| Task instructions |
Return the material below exactly, but only from the line with "Divano classico primi" through the line with "force acts on", and without its pictures.

*** Block opens ***

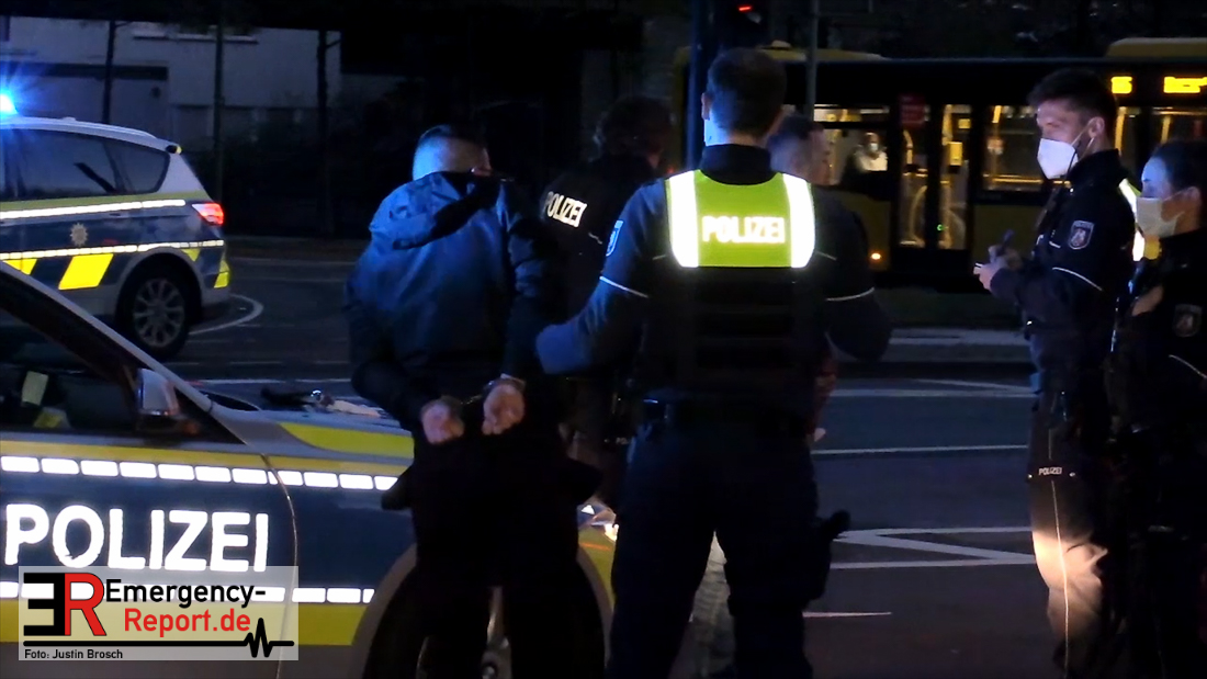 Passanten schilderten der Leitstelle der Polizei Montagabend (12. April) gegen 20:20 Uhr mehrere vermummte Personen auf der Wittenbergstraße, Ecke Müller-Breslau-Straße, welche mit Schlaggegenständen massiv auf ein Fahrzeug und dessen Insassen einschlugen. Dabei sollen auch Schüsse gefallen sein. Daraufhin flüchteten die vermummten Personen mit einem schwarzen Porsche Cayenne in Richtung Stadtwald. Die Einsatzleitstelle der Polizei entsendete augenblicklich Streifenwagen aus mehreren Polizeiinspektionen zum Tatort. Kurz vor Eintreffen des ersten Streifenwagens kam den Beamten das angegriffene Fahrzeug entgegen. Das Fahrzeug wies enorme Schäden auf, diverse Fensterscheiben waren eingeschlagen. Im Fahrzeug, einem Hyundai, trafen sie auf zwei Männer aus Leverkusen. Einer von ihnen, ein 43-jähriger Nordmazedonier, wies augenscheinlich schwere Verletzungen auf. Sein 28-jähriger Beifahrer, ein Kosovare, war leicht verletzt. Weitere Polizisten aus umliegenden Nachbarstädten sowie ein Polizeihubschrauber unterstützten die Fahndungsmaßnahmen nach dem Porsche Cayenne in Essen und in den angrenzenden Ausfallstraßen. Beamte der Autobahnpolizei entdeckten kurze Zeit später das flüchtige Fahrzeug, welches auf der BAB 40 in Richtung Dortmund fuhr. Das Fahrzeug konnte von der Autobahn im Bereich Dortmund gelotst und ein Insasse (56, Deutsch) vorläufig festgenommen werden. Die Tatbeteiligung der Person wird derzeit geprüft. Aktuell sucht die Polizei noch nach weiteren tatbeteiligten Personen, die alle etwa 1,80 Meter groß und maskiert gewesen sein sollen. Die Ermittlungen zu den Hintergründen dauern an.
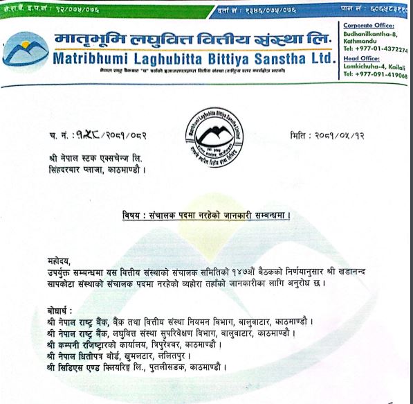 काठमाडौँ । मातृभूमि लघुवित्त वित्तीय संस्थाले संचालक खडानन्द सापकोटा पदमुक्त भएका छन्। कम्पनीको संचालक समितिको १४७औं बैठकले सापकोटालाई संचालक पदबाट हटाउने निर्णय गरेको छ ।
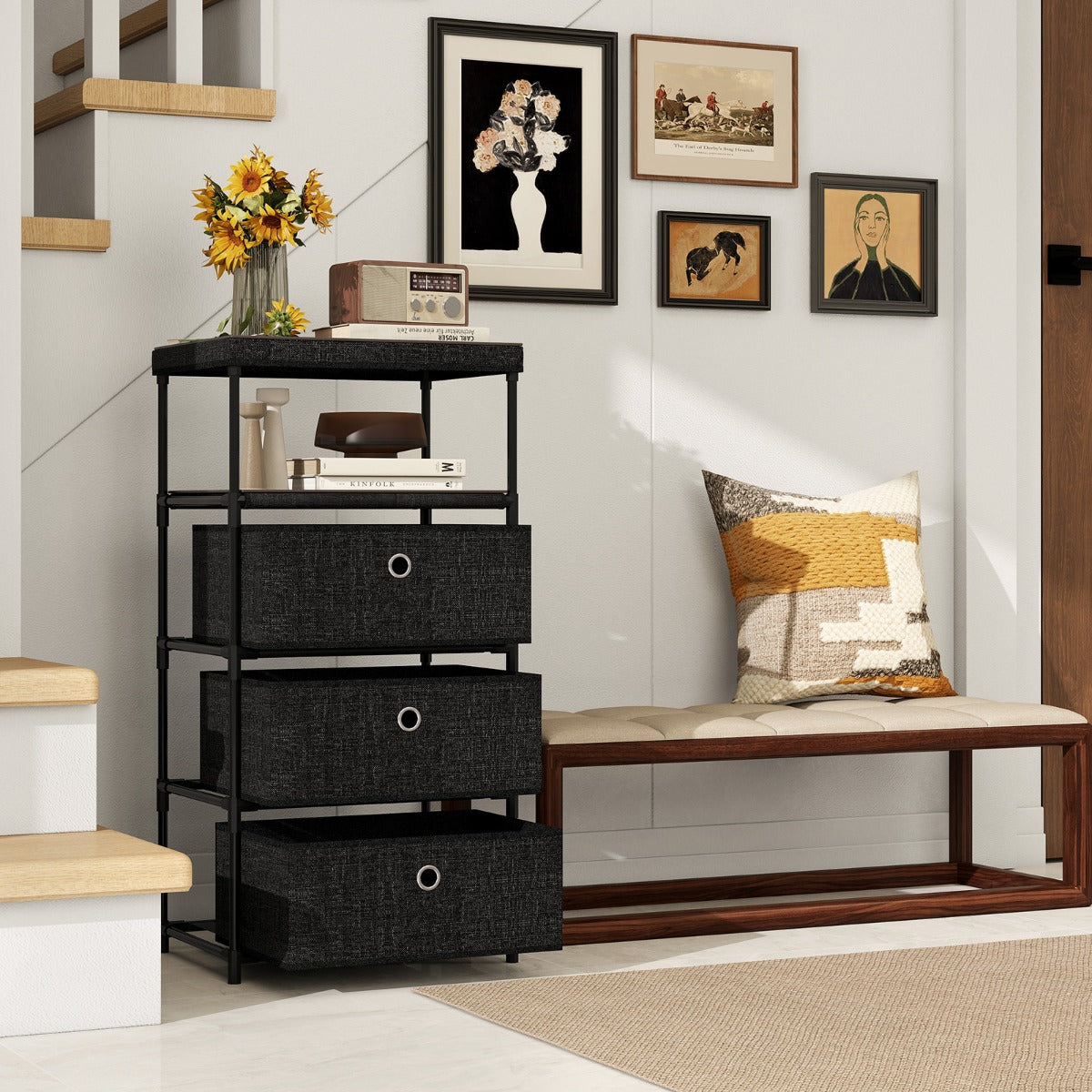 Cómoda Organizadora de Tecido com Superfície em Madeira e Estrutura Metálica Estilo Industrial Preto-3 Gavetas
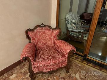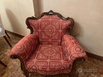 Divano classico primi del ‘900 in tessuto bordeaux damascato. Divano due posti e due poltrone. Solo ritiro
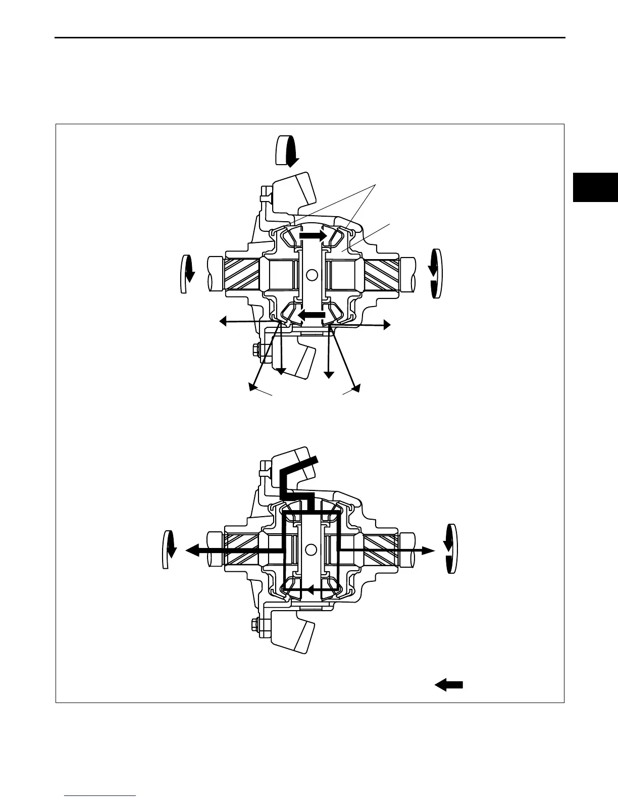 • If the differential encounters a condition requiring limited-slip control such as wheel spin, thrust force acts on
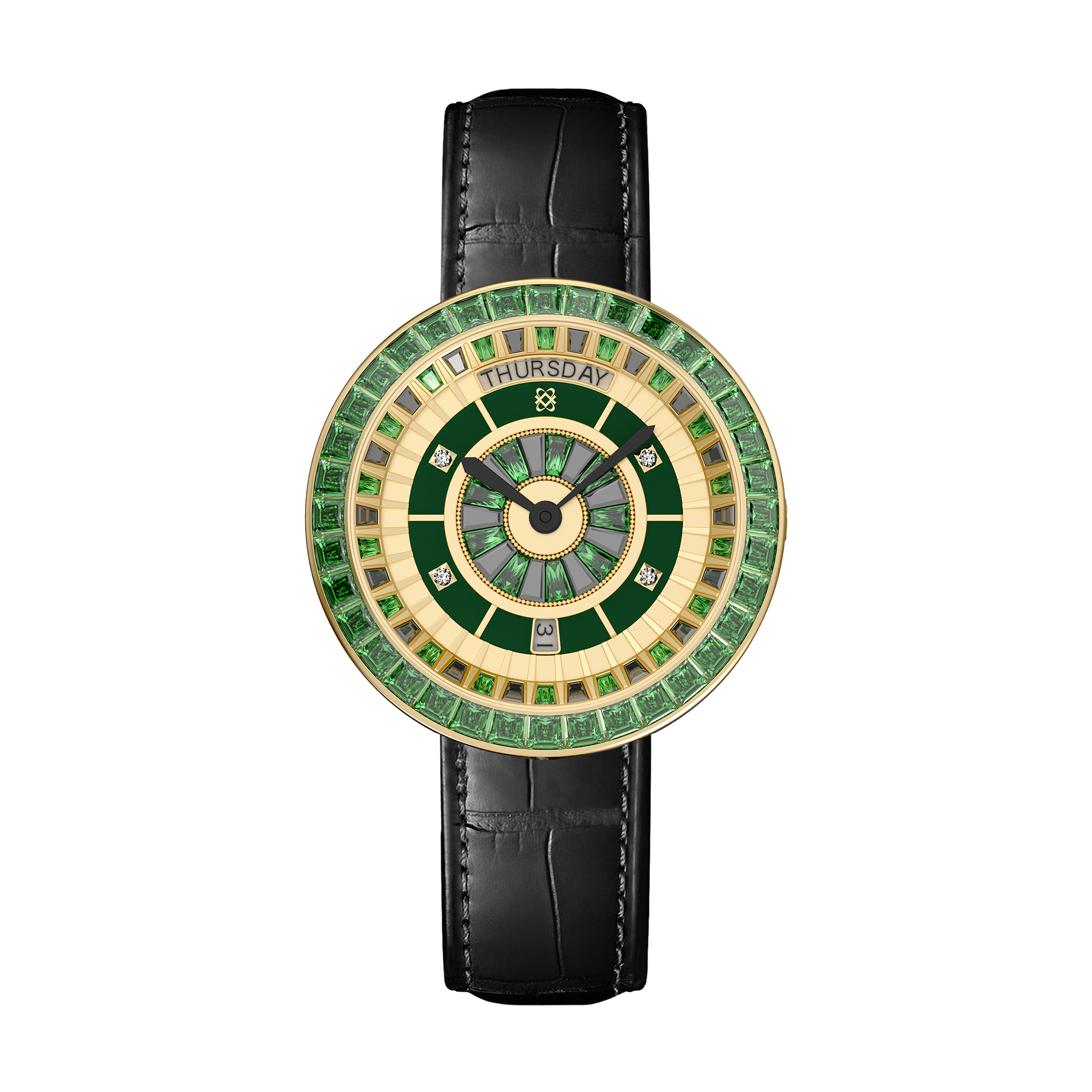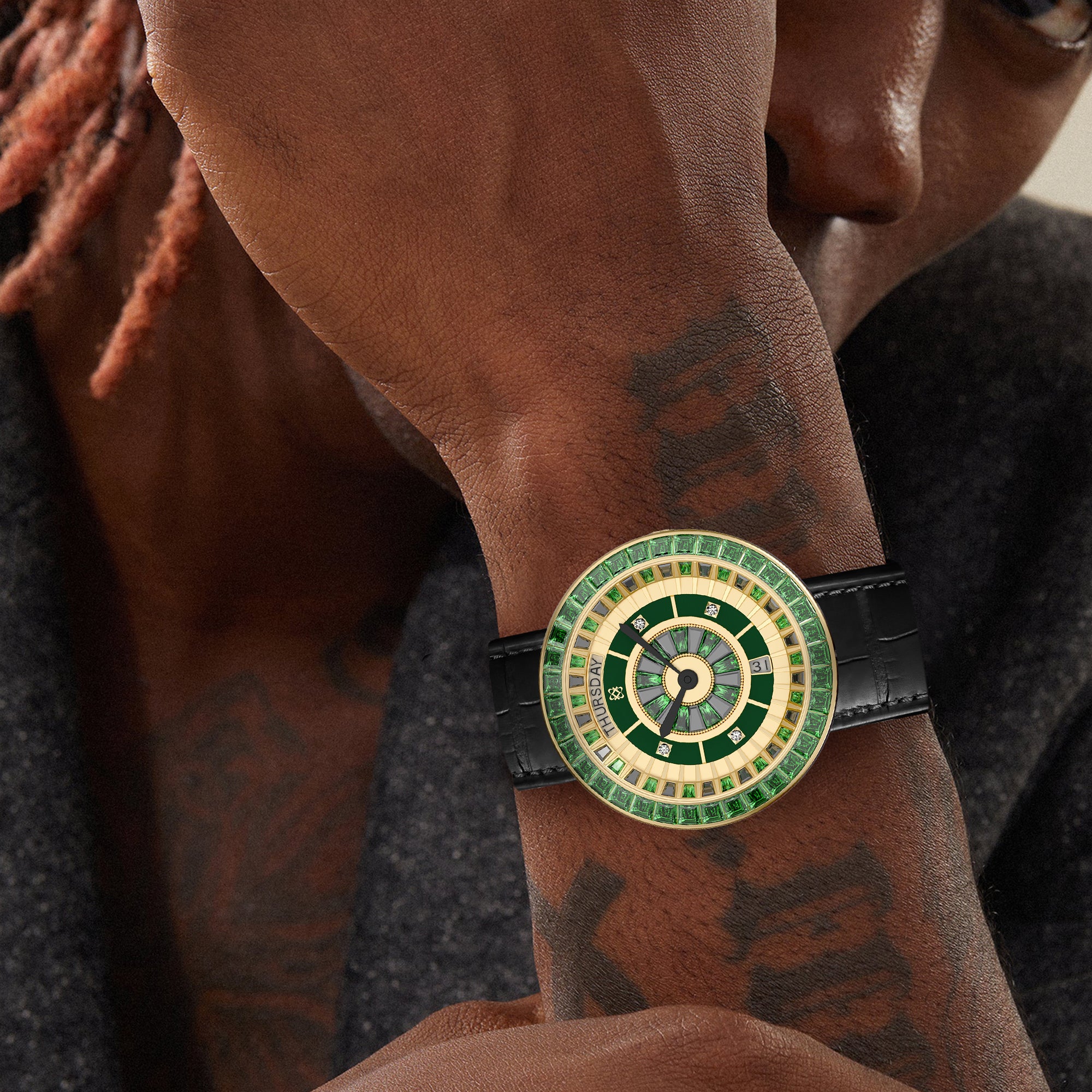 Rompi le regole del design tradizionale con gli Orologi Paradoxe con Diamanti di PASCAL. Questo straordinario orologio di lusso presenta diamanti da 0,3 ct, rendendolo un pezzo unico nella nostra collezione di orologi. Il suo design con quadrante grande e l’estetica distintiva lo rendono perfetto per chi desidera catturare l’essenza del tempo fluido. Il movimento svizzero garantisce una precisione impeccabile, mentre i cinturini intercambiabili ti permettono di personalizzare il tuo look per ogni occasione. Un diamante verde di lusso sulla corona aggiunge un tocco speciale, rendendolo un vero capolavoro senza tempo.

*** Block closes ***

| Answer to the problem |
 Divano classico primi del ‘900 in tessuto bordeaux damascato. Divano due posti e due poltrone. Solo ritiro
 • If the differential encounters a condition requiring limited-slip control such as wheel spin, thrust force acts on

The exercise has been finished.